## Work to complete:
Using the entries below, write out the line with "貝索 革蘭氏染色液(快速法) 100ml4盒 C220701", the line with "Byt má praktické", and every line in between, exactly as each is written.

## Supplied data:
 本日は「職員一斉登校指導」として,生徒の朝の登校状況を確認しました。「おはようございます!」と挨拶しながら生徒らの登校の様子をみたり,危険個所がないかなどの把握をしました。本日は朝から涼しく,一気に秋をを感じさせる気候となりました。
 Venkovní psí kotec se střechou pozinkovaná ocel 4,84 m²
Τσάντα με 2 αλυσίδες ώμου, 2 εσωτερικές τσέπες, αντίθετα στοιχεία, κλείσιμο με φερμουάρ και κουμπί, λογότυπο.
--
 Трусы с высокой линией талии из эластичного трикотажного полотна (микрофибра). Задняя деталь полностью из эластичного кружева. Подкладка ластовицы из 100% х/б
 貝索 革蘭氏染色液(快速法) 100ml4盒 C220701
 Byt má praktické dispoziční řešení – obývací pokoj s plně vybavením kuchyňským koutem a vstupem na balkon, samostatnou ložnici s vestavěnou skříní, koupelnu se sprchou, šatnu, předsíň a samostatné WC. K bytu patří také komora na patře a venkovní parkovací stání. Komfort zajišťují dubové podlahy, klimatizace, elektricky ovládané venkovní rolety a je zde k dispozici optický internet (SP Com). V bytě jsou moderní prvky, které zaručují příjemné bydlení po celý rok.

## Solution to this problem:
 貝索 革蘭氏染色液(快速法) 100ml4盒 C220701
 Byt má praktické dispoziční řešení – obývací pokoj s plně vybavením kuchyňským koutem a vstupem na balkon, samostatnou ložnici s vestavěnou skříní, koupelnu se sprchou, šatnu, předsíň a samostatné WC. K bytu patří také komora na patře a venkovní parkovací stání. Komfort zajišťují dubové podlahy, klimatizace, elektricky ovládané venkovní rolety a je zde k dispozici optický internet (SP Com). V bytě jsou moderní prvky, které zaručují příjemné bydlení po celý rok.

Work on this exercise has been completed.